▶ [Source data]:
>>>

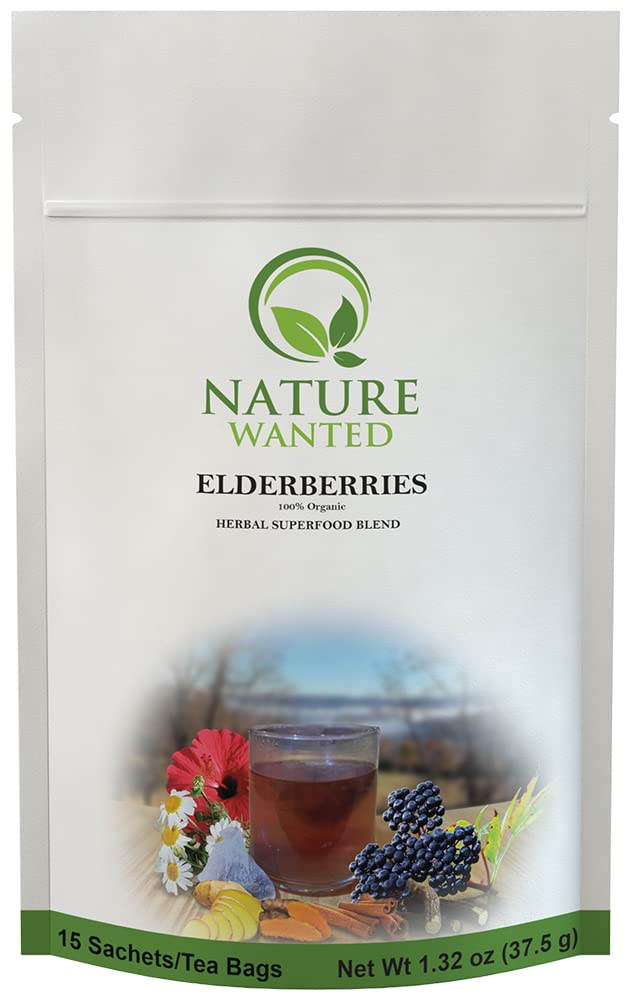 Adds a mix of delicious ingredients including cinnamon, ginger, turmeric root, licorice root, hibiscus, and chamomile. Wild elderberries harvested in Ukraine. Product produced in the U.S. Each Pouch Contains 15 ct Tea Bags filled with Delicious Elderberry and Superfood Blend.
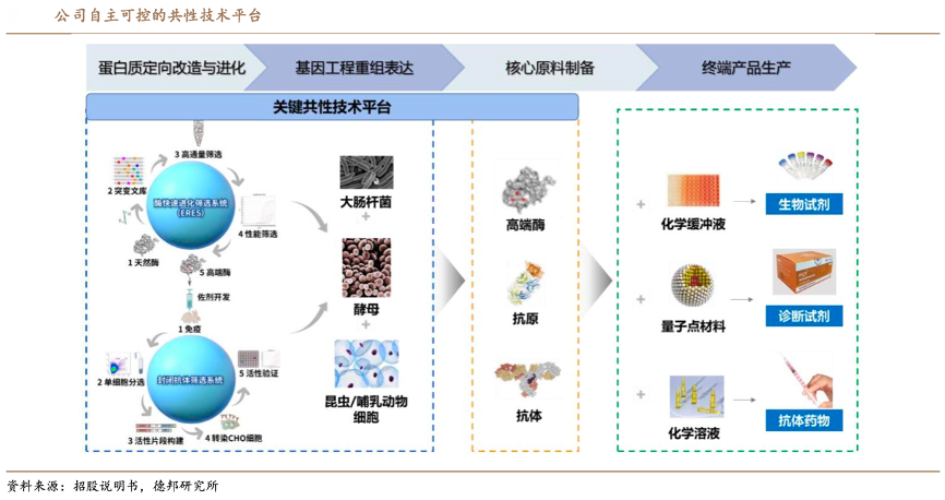 經典案例:根據公司招股說明書、德邦研究所等綜合資訊表明,諾唯贊公司圍繞酶、抗原、抗體等功能性蛋白及高分子有機材料自主建立了覆蓋蛋白質定向改造與進化、基于單 B 細胞的高性能抗體發現、蛋白質重組表達與制備、量子點修飾偶聯等關鍵共性技術平臺,為其新產品研發提供技術支持,保持市場競爭力。
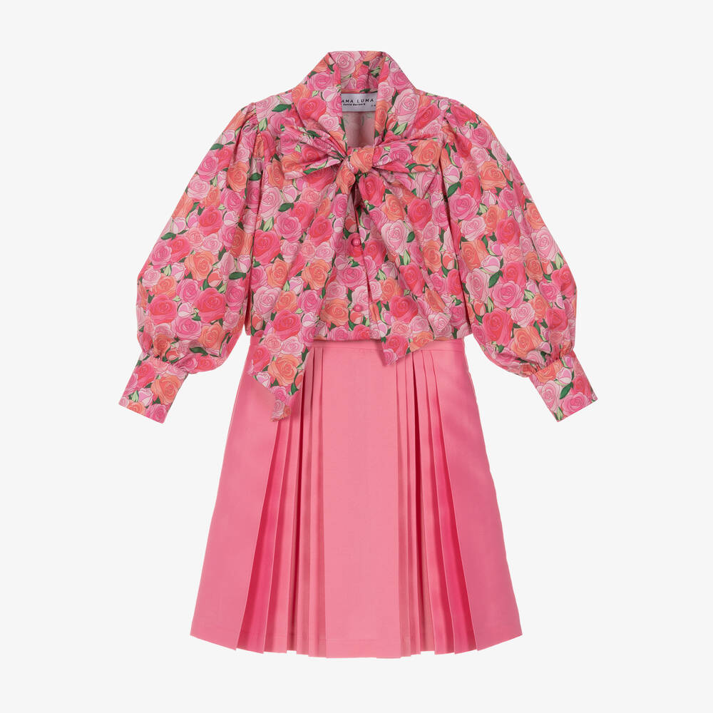 A gorgeous bright pink skirt set for girls by Mama Luma. The silky blouse has an eye-catching rose pattern, with puffed long sleeves and fitted cuffs. Fastening with buttons on the front, it has a high neckline with long ties that can be secured into a pretty bow. Made from a soft satin twill with a lightweight lining, the skirt has a charming pleated design on both sides. Discreetly fastened with a concealed zip on one side, it has an adjustable waist for a comfortable fit.

<<<

▶ [Description of the task]: Exclude every picture and copy the remaining data exactly.

▶ [Answer to this task]:
 Adds a mix of delicious ingredients including cinnamon, ginger, turmeric root, licorice root, hibiscus, and chamomile. Wild elderberries harvested in Ukraine. Product produced in the U.S. Each Pouch Contains 15 ct Tea Bags filled with Delicious Elderberry and Superfood Blend.
 經典案例:根據公司招股說明書、德邦研究所等綜合資訊表明,諾唯贊公司圍繞酶、抗原、抗體等功能性蛋白及高分子有機材料自主建立了覆蓋蛋白質定向改造與進化、基于單 B 細胞的高性能抗體發現、蛋白質重組表達與制備、量子點修飾偶聯等關鍵共性技術平臺,為其新產品研發提供技術支持,保持市場競爭力。
 A gorgeous bright pink skirt set for girls by Mama Luma. The silky blouse has an eye-catching rose pattern, with puffed long sleeves and fitted cuffs. Fastening with buttons on the front, it has a high neckline with long ties that can be secured into a pretty bow. Made from a soft satin twill with a lightweight lining, the skirt has a charming pleated design on both sides. Discreetly fastened with a concealed zip on one side, it has an adjustable waist for a comfortable fit.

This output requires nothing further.